To be certain of not having a corrupted backup it would also be necessary to ensure that the vServer being backed up is not running at the time that the backup/snapshot is taken.

Backup using backup technology from the vServer - rsync

Introduction

This approach makes use of a backup capability within the Linux environment of the vServer itself. Very much a "standard" approach in the historical physical world where a backup agent is installed into an operating system, this agent backups all the files to a media server. There are many products that provide these services from all the main backup vendors. In this example we will consider using the linux command rsync to provide the capability to backup to the ZFS appliance.

Backup using rsync & ZFS Appliance snapshot capability

The backup process incorporates configuring both the ZFS appliance and the vServer that is being backed up. The process to follow is
  1. Create backup share and configure it to regularly snapshot
  2. Mount backup share on vServer (Using NFS v3)
  3. Issue the rsync command to backup full server on a regular basis. (cron)

Create Backup share

The first activity is to create a project/share to hold the backups of the vServers. Once the filesystem has been created then ensure that you setup the system to automatically create regular snapshots of the share. In the graphic below the share has been setup to snapshot the system daily at 1am and to keep 1 week's worth of snapshots on the storage appliance.
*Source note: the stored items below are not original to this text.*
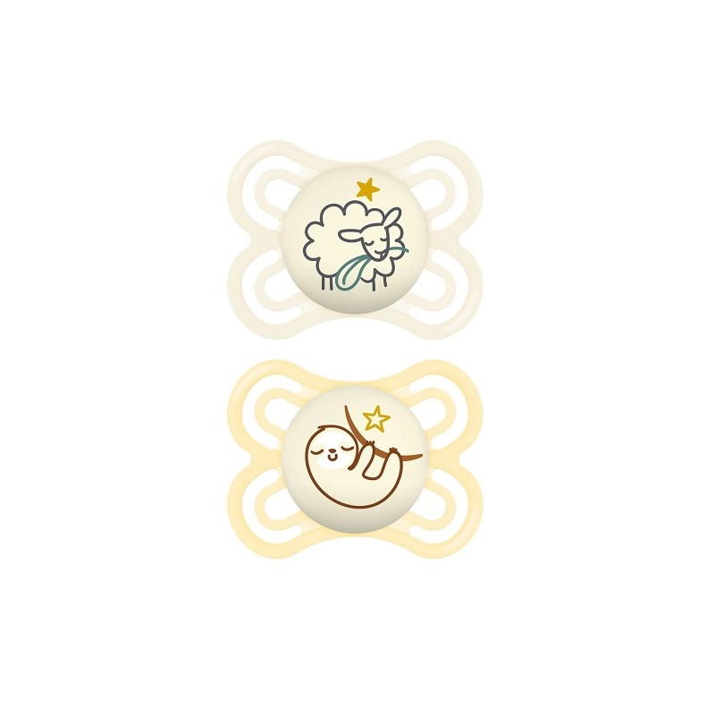 O conjunto MAM Perfect Night 2-6m inclui 2 chupetas, ideal para ter sempre uma de substituição disponível.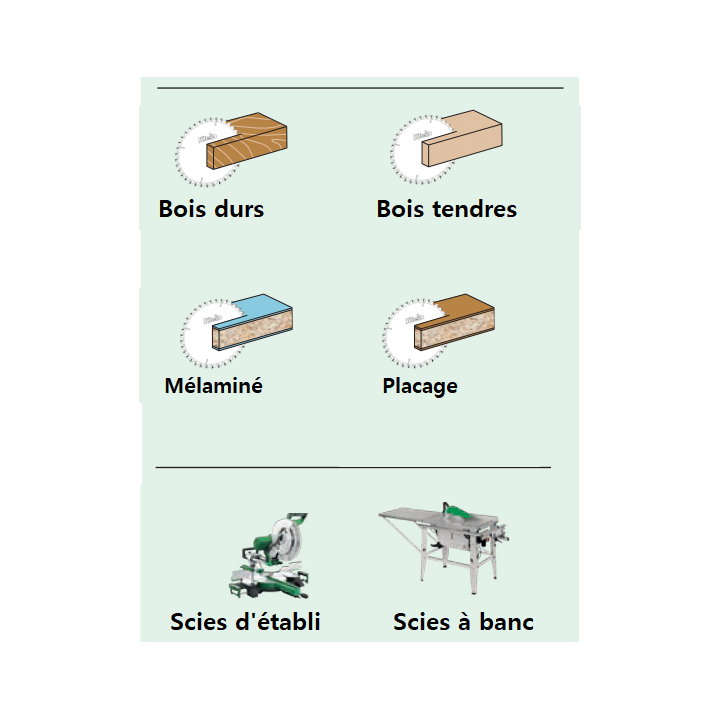 - S'utilisent sur scies à formats et scies radiales.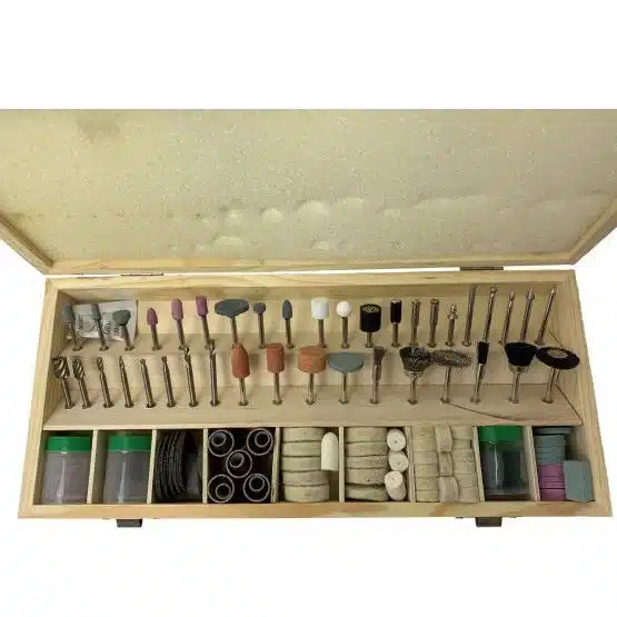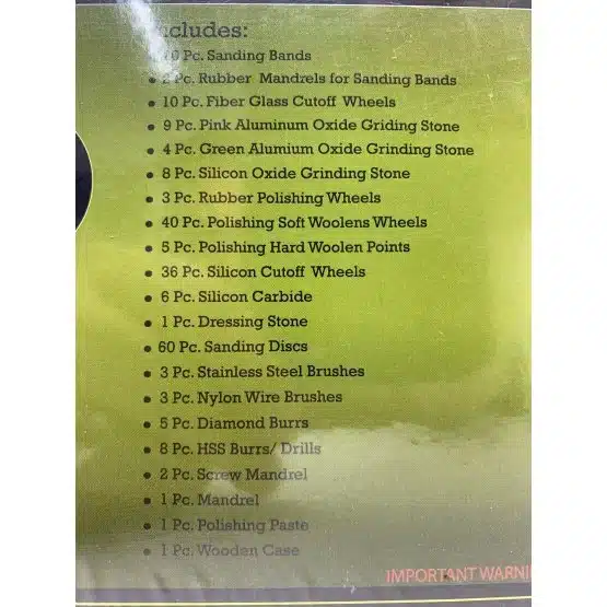 - Extensive Variety: Includes a large assortment of mounted grinding stones, diamond and carbide burrs, metal and bristle brushes, sanding drums (both large and small), wool polishing wheels, felt bobs, and dozens of cut-off, sanding, and abrasive wheels.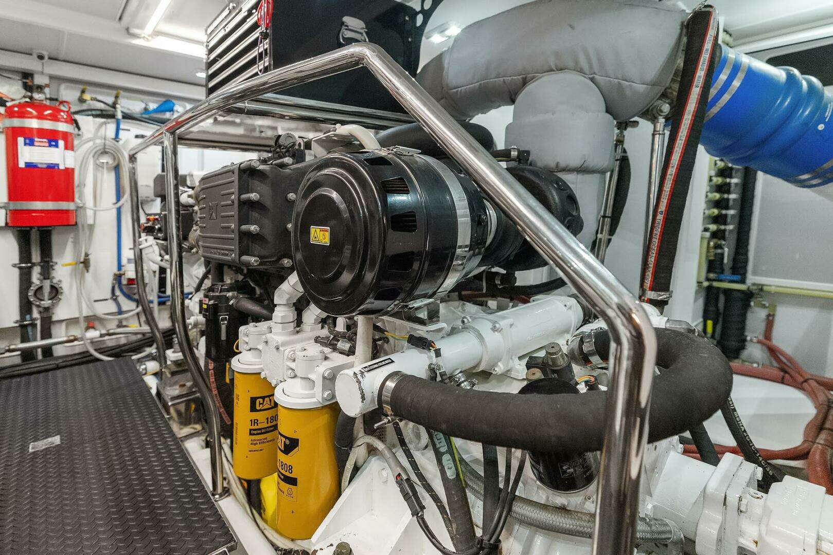 Entrance to the spacious Engine Room is through the dual handle latching door. Located within are the twin CATERPILLAR C18, 918 HP marine diesel engines each with underwater exhaust, ZF transmissions, Aquatech 3” HS22 stainless steel shafts, (2) Onan Generators, WESMAR hydraulic system, WESMAR HYDRAULIC stabilizer actuator units, Reverso oil change system, automatic, emergency and manual bilge pumps, high water alarm, air conditioning unit with controls for the engine room, FRP diesel fuel tanks with back lit sight tubes, dual Racor fuel system filtration for engines and single Racor for generators, fuel hoses, crossover valves with returns, vent filters, engine and generator start batteries, emergency engine shutdown and fire suppression system, (4) 24VDC engine room ventilation fans, 24VDC lighting overhead, bronze seacocks and sea strainers on engine and generator raw water intakes, fresh water outlet, the flooring is rubberized EcoFloor with diamond pattern, sound down insulation, painted, finished bilges and stainless steel grab rails. Tool boxes are mounted above each engine.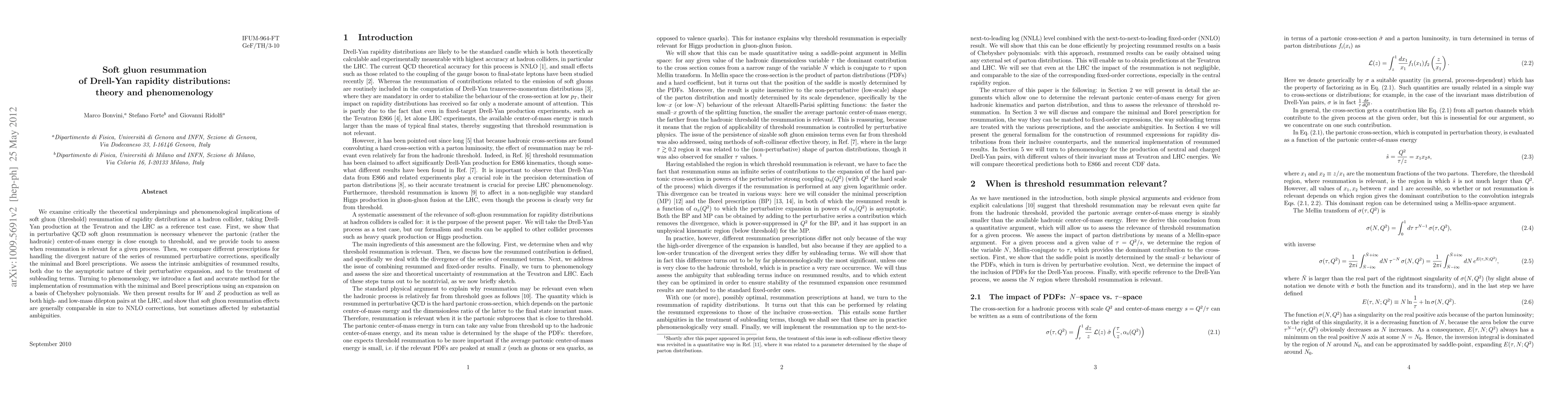 This paper critically analyzes the necessity and implications of soft gluon resummation for Drell-Yan rapidity distributions in perturbative QCD, particularly at the Tevatron and LHC. It introduces methods for implementing resummation and presents results for W and Z production, highlighting the significant but sometimes ambiguous effects of resummation compared to NNLO corrections.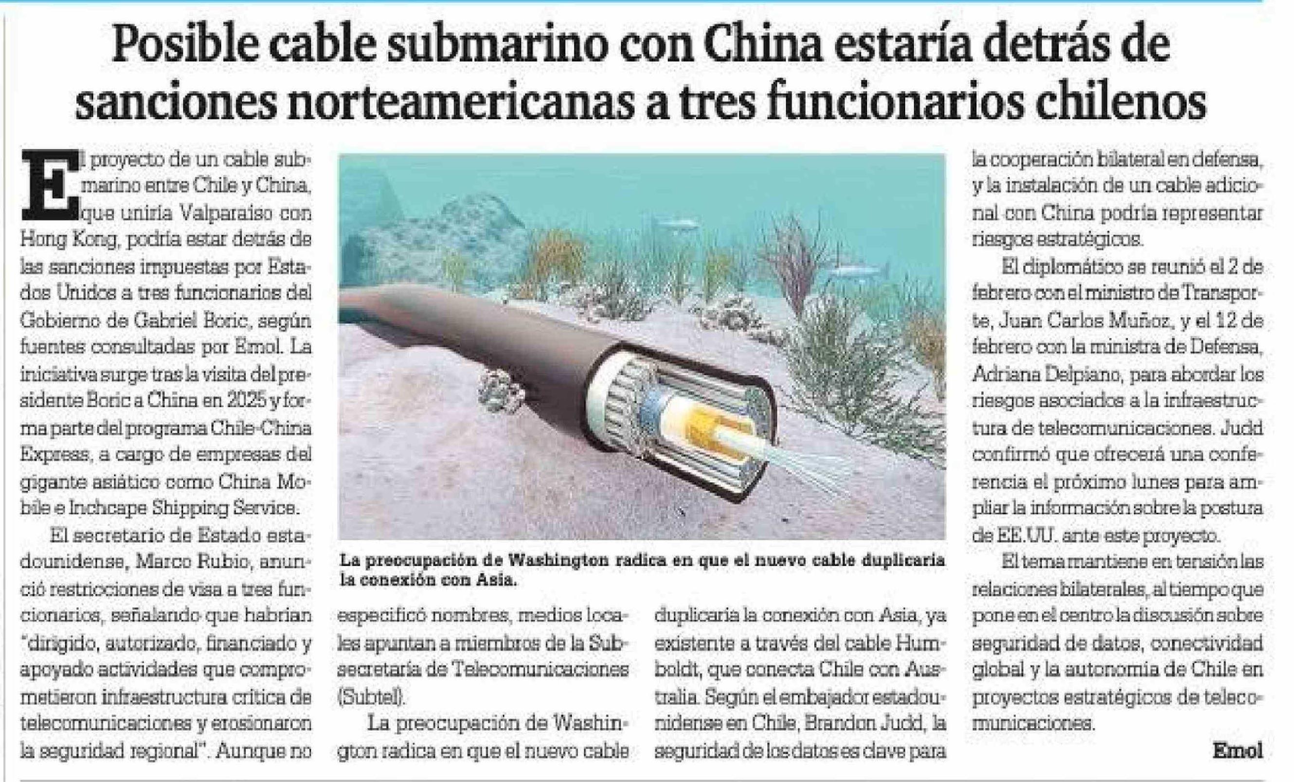 Posible cable submarino con China estaría detrás de sanciones norteamericanas a tres funcionarios chilenos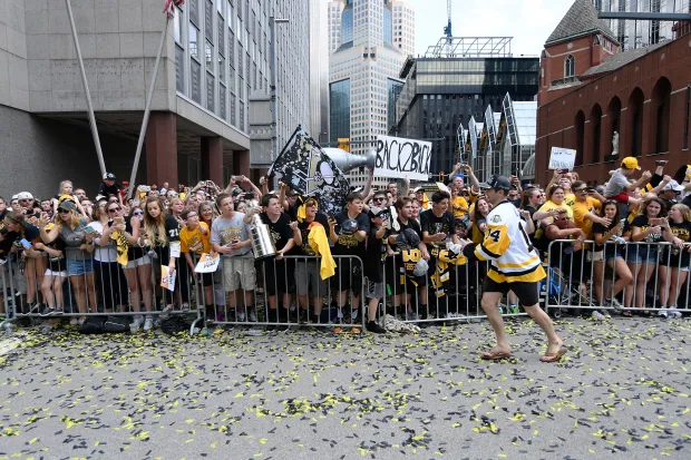 As thousands of fans lined the streets dressed in feathers, beak masks, and replica jerseys, the Bitch Pigeons rode through on championship floats blasting Foghat’s Slow Ride and tossing rubber rats to the crowd (a nod to last season’s playoff superstition).

You should also setup replication to push the backups to a remote location for safekeeping. This is a simple activity of setting up a replication target under the Configuration/Services/Remote Replication tab then for the share (or at a project level) define the replication settings.
Make sure the share has root squash enabled. (root access in an NFS exception)

Mount the share on the vServer

It is now possible to mount the share on the vServer. This can be done dynamically at the point in time when the backup is performed or via a permanently mounted share.
It is necessary to mount the share using NFS v3. This is because there are a number of specialist users that will be setup on the vServer with ownership of certain filesystems. (eg. the ldap user) Because NFS v4 has a user based security check then these files may fail to backup successfully so NFS v3 is a better bet.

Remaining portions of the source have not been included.